The conduct giving rise to last week’s FCPA enforcement action against Key Energy Services (see here and here for prior posts) was subject to judicial scrutiny once.
And it was not last week’s SEC administrative order.
As highlighted in this previous post, in March 2016 Judge Melinda Harmon (S.D.Tex.) dismissed securities fraud claims brought against Key Energy Services (See In re Key Energy Services Inc. Securities Litigation, 2016 WL 1305922 (March 31, 2016). The action touched upon, in part, the same general conduct alleged in the SEC’s order.
While there are obvious substantive and procedural differences between a securities fraud action and a finding of FCPA books and records and internal controls violations (what last week’s SEC order found), at the very least these two actions were part of the same parallel universe.
Thus, it is interesting to explore what happened in the action subjected to judicial scrutiny vs. last week’s SEC order.

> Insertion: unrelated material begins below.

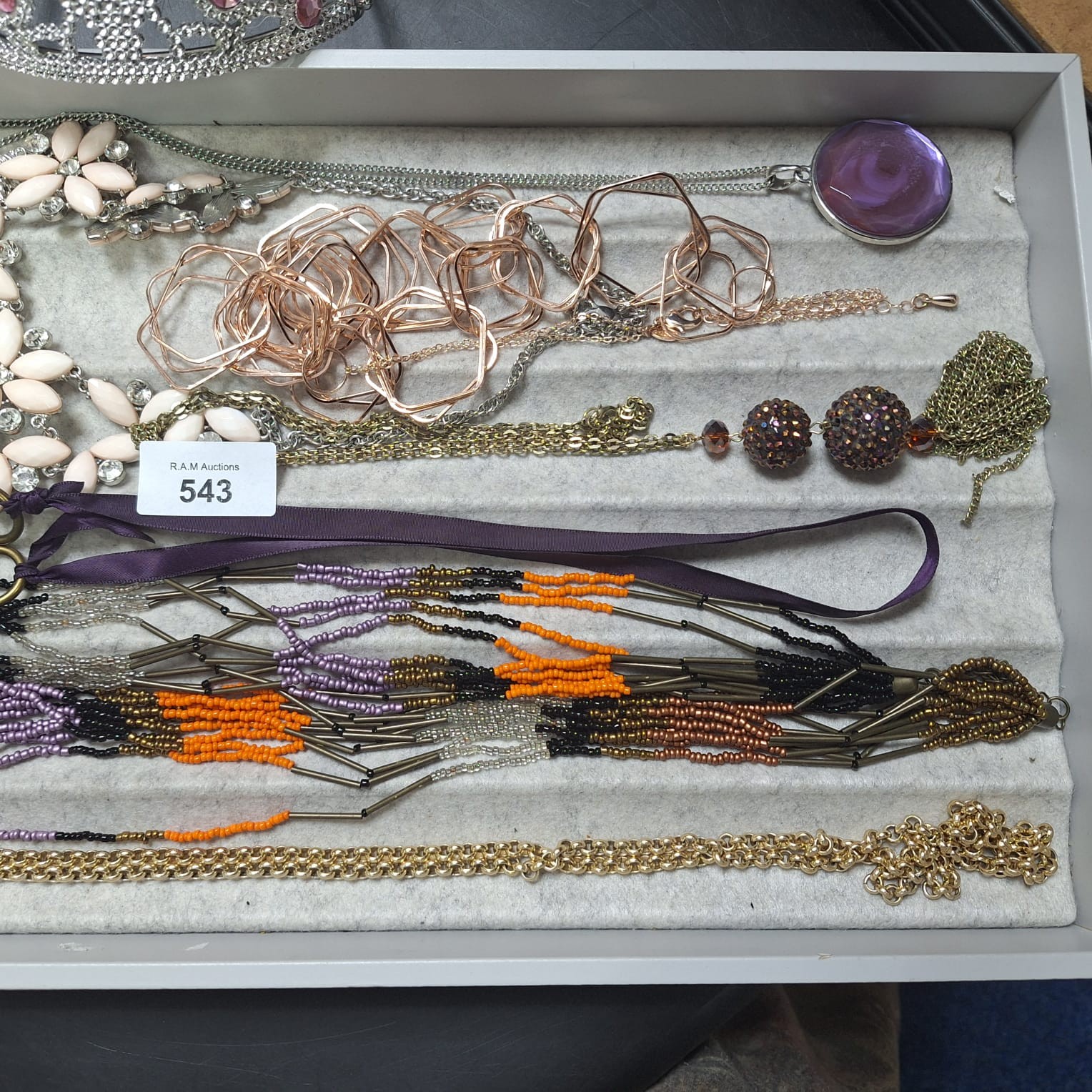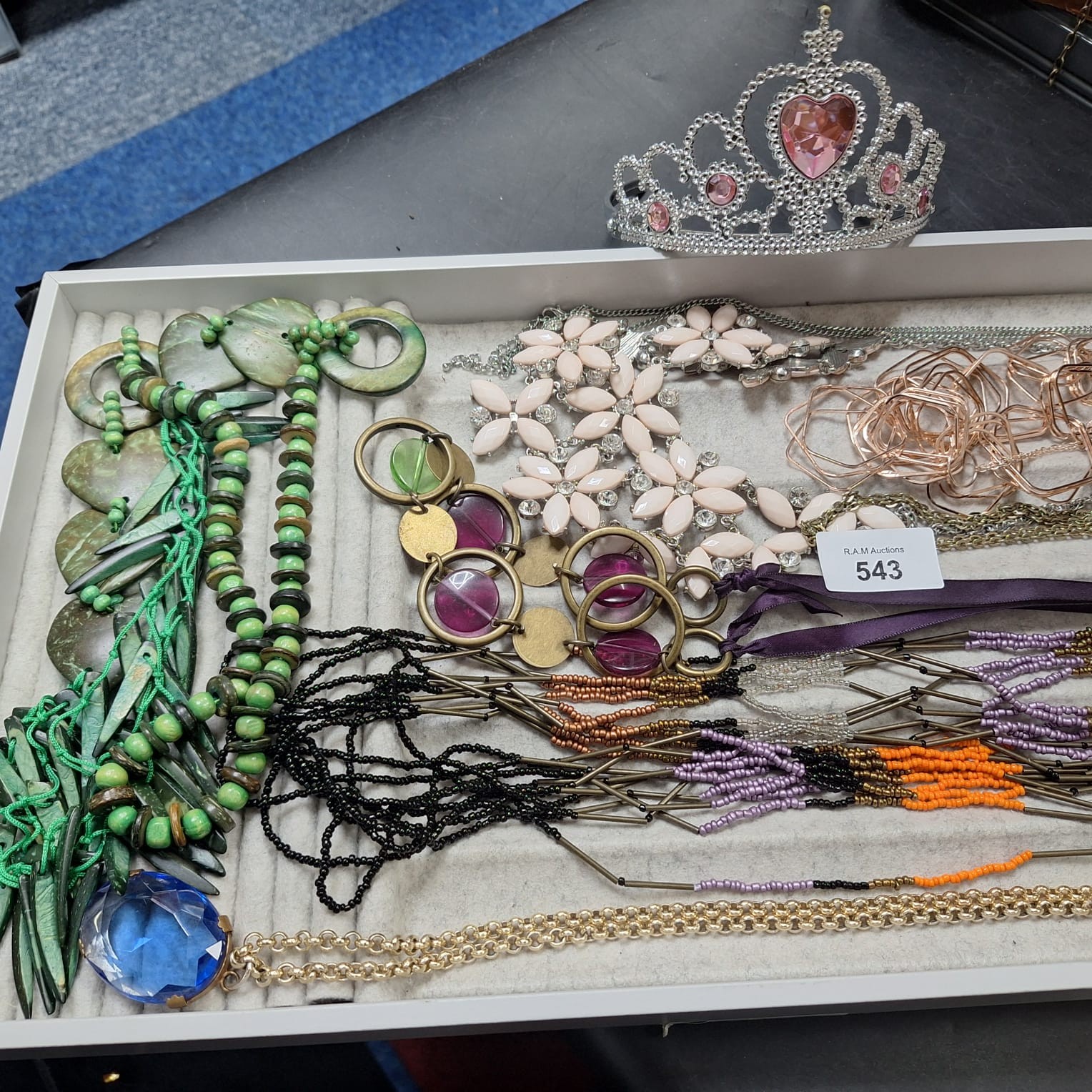 A collection of costume jewelry including a tiara, various necklaces with rhinestones, geometric metal pieces, beads, cabochons, and a large blue stone pendant.

In short, whereas the SEC found that Key Energy “failed to implement and maintain sufficient internal controls,” a federal court judge found (despite plaintiffs’ allegations to the contrary including statements from several confidential witnesses) that Key Energy’s “FCPA controls were adequate.” Whereas the SEC suggests, with the benefit of hindsight that there were controls that Key Energy should have had, a federal court judge found that certain of the controls Key Energy did not have were not even required for a company to have adequate internal controls.